After having worked my way through the 244 pages of Vašek’s book, which at times were quite repetitive and overwhelming, I remain unpersuaded as to the potentially heavy debt that Heidegger owes to Michelstaedter, all the similarities in philosophical layout notwithstanding. The “Enteignung” of which Vašek speaks in the book’s subtitle is too strong a term for a conceptual correspondence that, it seems to me, owes much more to the pollen of ideas floating around a modernist, shattered, disenchanted Europe than to any intentional and foul “expropriation” of a young philosopher’s intellectual property.

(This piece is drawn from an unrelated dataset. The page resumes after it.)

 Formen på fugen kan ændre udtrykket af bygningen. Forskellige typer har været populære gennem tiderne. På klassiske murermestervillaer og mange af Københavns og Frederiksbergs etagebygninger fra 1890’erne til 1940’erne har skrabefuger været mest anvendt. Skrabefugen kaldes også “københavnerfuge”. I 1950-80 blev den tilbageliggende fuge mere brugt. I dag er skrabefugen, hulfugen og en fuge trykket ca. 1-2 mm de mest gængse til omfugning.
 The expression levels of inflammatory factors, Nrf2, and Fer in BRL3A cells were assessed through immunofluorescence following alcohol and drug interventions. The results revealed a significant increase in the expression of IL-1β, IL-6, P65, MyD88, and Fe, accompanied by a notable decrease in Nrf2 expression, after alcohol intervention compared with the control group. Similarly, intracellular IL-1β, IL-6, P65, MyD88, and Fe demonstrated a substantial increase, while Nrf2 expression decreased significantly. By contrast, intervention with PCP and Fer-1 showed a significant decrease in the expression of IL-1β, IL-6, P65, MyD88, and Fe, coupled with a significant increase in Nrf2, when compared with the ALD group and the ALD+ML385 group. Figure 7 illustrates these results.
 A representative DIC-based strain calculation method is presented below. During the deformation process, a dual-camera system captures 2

If we were to accept Vašek’s claim as a real possibility of plagiarism here, then we would also have to accept all other claims as to the inauthenticity of Heidegger’s Sein und Zeit (it is a commonplace by now that he borrowed ideas and repackaged them in his own vocabulary, without naming the exact sources). This would make Sein und Zeit—the philosophical work that, as Vašek himself notes (p. 22), made possible French existentialism, Paul Ricoeur’s hermeneutics, Foucault’s poststructuralism, Derrida’s deconstruction, and Lacan’s psychoanalysis—an empty rhetorical shell. Instead, if we put emphasis on the more likely and generous claim at the end of Vašek’s inquiry that “both books illuminate each other… in an interesting way” (p. 243), then we have a win-win situation: On one hand, Michelstaedter’s literary, artistic style and thought help us untangle Heidegger’s impenetrable vocabulary—indeed, Michelstaedter pulls aside Sein und Zeit’s rhetorical veil, disarms its “Teutonic bombast” as Thomas Sheehan aptly calls it (Sheehan 2001, in Vašek, p. 97); on the other hand, Heidegger’s systematic philosophizing and its heavy-weight presence in the philosophical canon legitimizes Michelstaedter’s work, it orders its artistic chaos, and helps us situate it within a genealogy of a radical rethinking of philosophy’s relation to being and life.

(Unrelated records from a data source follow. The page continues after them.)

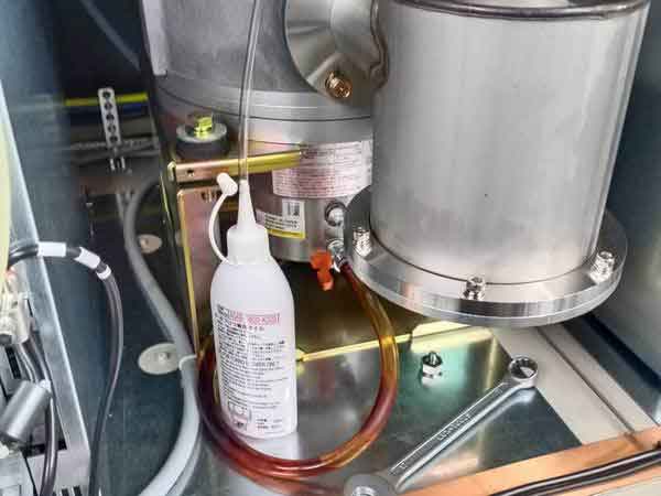 3. Сливаем масло с вакуумного насоса, откручиваем крышку и достаем фильтр-сепаратор. Меняем фильтр-сепаратор, не забывая установить его швом вниз, и закрываем крышку. Заливаем масло в вакуумный насос до необходимого уровня.
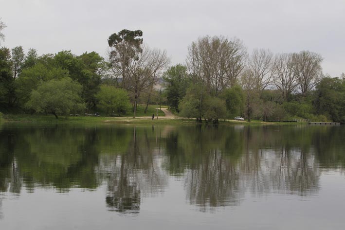 El paseo nos lleva río arriba por el tramo entre el viejo puente internacional de Tui y las dos islas portuguesas de Cu do Porco. Discurre plácidamente sobre las mansas aguas del Miño y en una atmósfera con olor a tierra húmeda. Las tonalidades de verdes denotan la variedad de especies arbóreas que jalonan ambas orillas. No hay un solo claro en el bosque hasta la playa de Areneras (Guillarei, Tui), situada frente a la segunda isla de Cu do Porco.
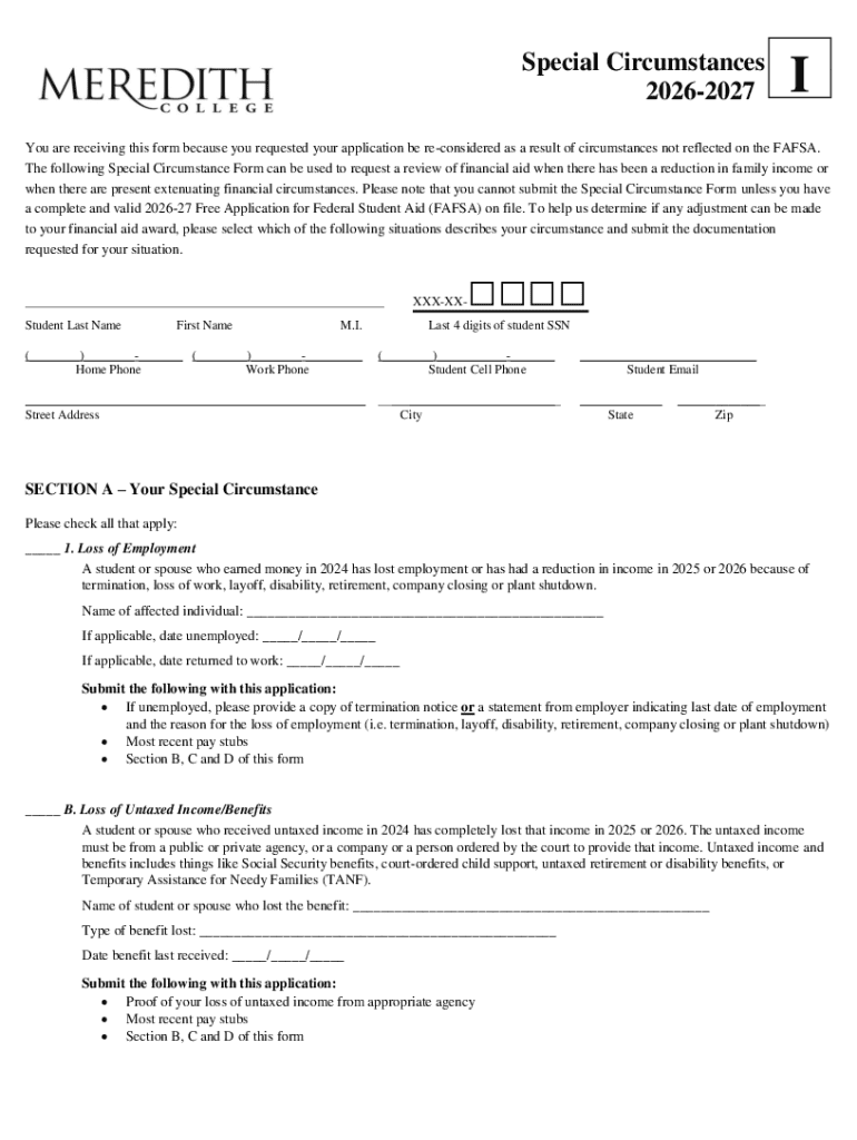 Get the free Special Circumstances Form 2026-2027
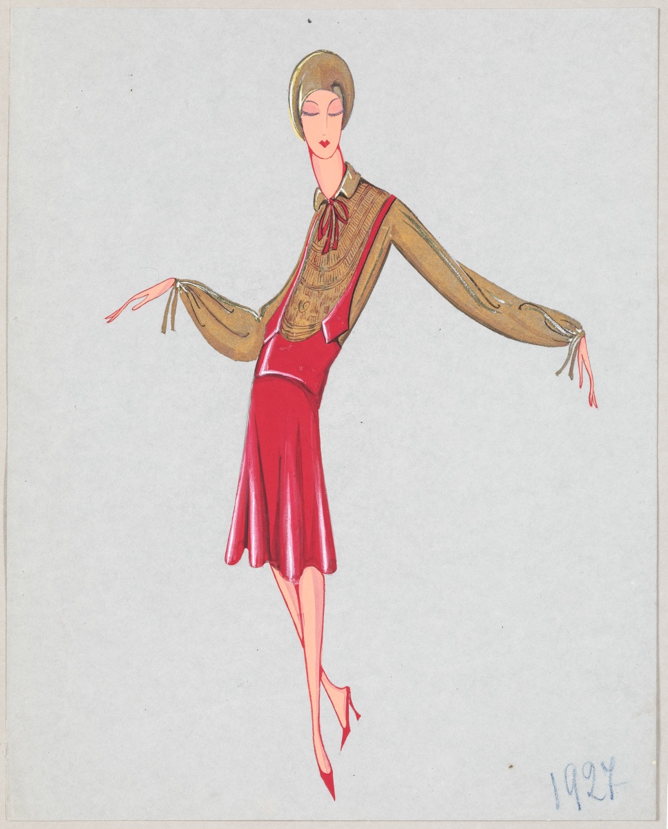 Mine de plomb, gouache sur papier coloré gris, datée " 1927 ".

Yet what surely remains as the biggest merit of Vašek’s monograph is the fact that it instills a firm desire to (re-)read Michelstaedter and Heidegger, side by side or separately. Schein und Zeit’s interpretation even condenses the philosophies of the two into one ethical manual that begs for a pencil and many underlined passages, especially in confusing times such as the ones we live in where there seems to be ever less persuasion, authentic care for others and responsibility, and more and more divisive rhetoric that encourages a retreat into the safety of “Man.” Vašek’s is, to my knowledge, the first book-length, detailed comparative study of the two philosophers. Alone for this reason it deserves to be translated into English, for it provides an informed space for scholars to read Michelstaedter and Heidegger cheek by jowl. Without a doubt its availability in English will spur an even bigger interest in the still little-known Michelstaedter outside of Italian academia and narrow philosophical circles.

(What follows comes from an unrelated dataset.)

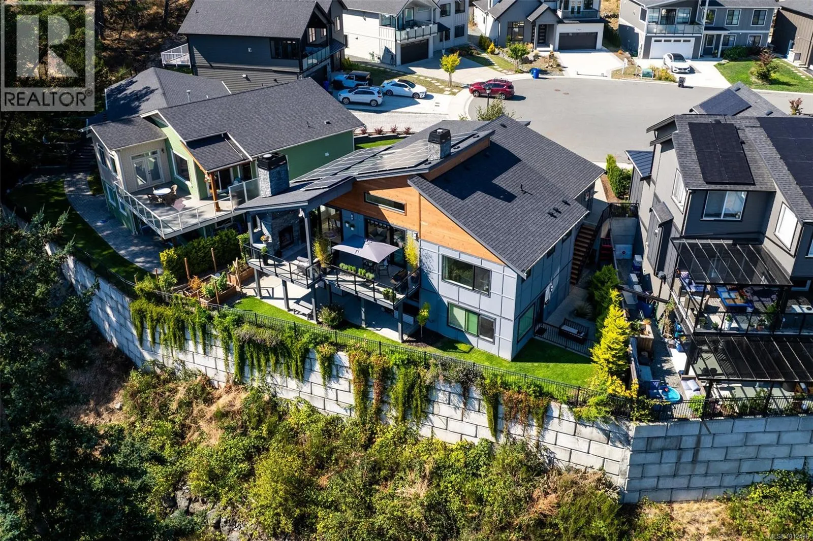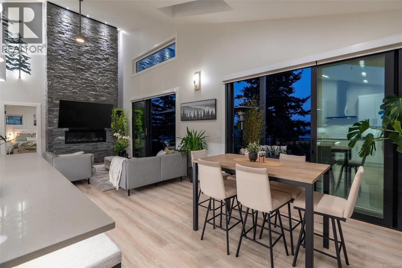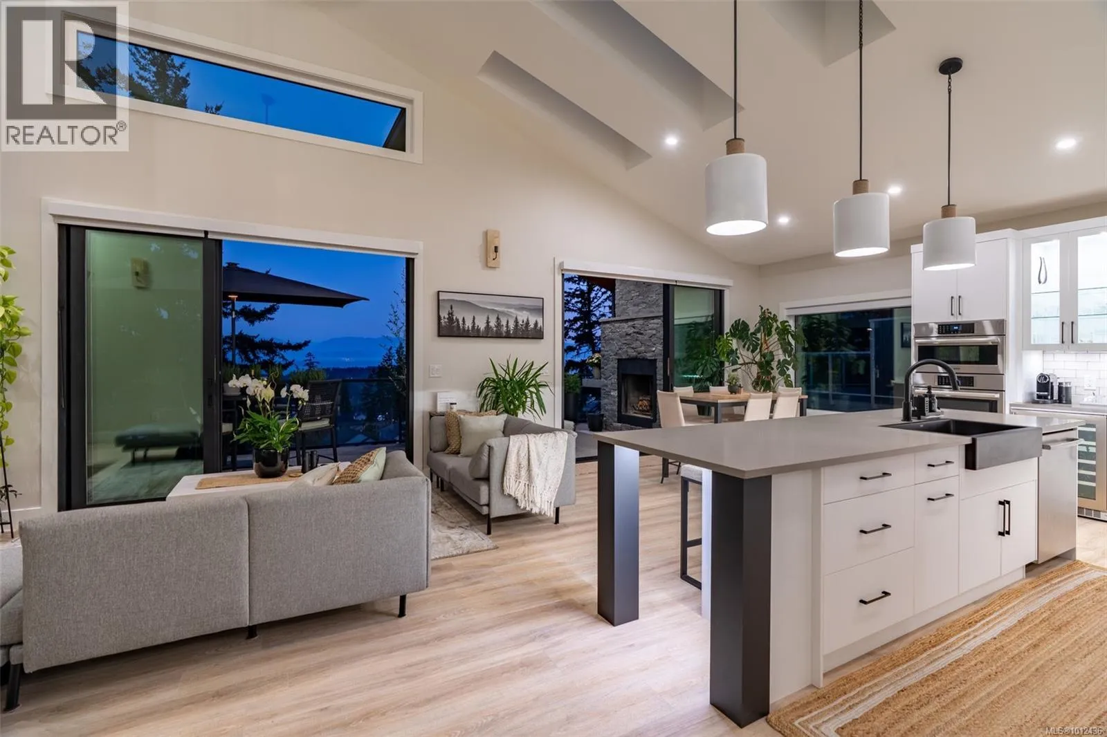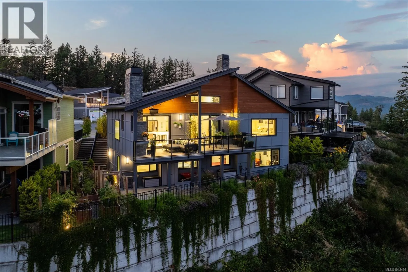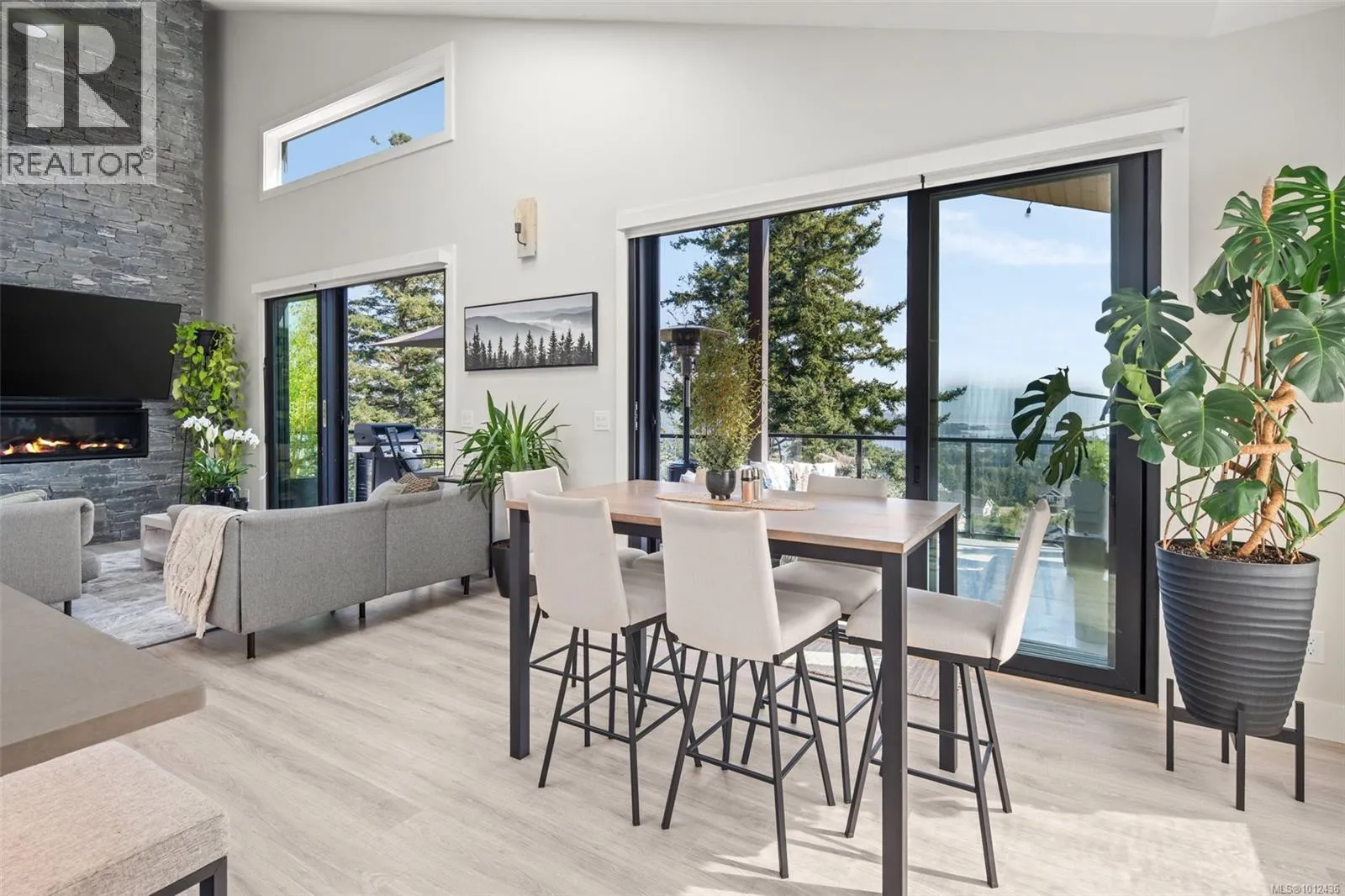 Welcome to this modern, light-filled executive residence w/ over 3,000 sq ft of thoughtfully designed living space. Perched to capture panoramic views of the Olympic Mountains & the Strait of Juan de Fuca, this custom home seamlessly blends timeless design w/ contemporary luxury. Featuring 5 bedrooms, 4 bathrooms including a self-contained 1-bedroom, ocean view suite. Step inside to an abundance of natural light pouring through 3 oversized skylights & two expansive 3-panel multi-slide glass doors. These frame breathtaking vistas & provide effortless indoor-outdoor flow, perfect for entertaining or peaceful relaxation. The open-concept main living space incl. a gourmet kitchen w/an oversized granite island that seats 6, high-end appliances incl. wine fridge & seamless connection to the living & dining areas. Step out onto the spacious deck complete w/ a stunning custom wood-burning fireplaceâan ideal setting for West Coast evenings. The fully self-contained 1-bedroom suite w/ its own private entrance & ocean views, is ideal for guests, extended family, or rental income. Superior soundproofing ensures privacy between the suite & main home. Environmentally conscious features include 23 solar panels, wiring for two EV chargers & a ductless heat pump systemâall centered around energy efficiency & sustainable living. Beautifully landscaped w/water feature, raised gardens & privacy hedge. Backing onto serene green space, this home offers privacy, tranquility, & a strong connection to natureâwithout sacrificing proximity to urban amenities. (id:27476)

My two reservations concerning Mr. Vašek’s monograph are the following: First of all, and as already briefly mentioned, I do not find the argument that Heidegger had plagiarized Michelstaedter or hidden his tesi di laurea’s influence on Sein und Zeit convincing. What Vašek succeeds at demonstrating instead is that there were other philosophers at the beginning of the 20th century who shared Heidegger’s ideas but were not known enough (or died too young) or were just from the “wrong” background for them to receive equal appreciation (Rosenzweig, Michelstaedter, Ewald). This is something that scholarship needs to deal with, but it does not make Heidegger a plagiarist. Second of all, while the book is sufficiently well written so as to prevent conceptual entanglements, I believe that its argument could have been condensed into a much shorter monograph, perhaps even into a detailed, dense article, to avoid the many repetitions and summaries. But then it would have been a different kind of read, surely a less accessible one destined for a much smaller audience. As for the exciting promise of its title, a “whodunnit” in reverse, well, that certainly helps its circulation.

 

Nota

1 Thomas Vašek, Schein und Zeit: Martin Heidegger und Carlo Michelstaedter. Auf den Spuren einer Enteignung. Berlin: Matthes & Seitz Berlin, 2019.
All translations from German and Italian into English are mine.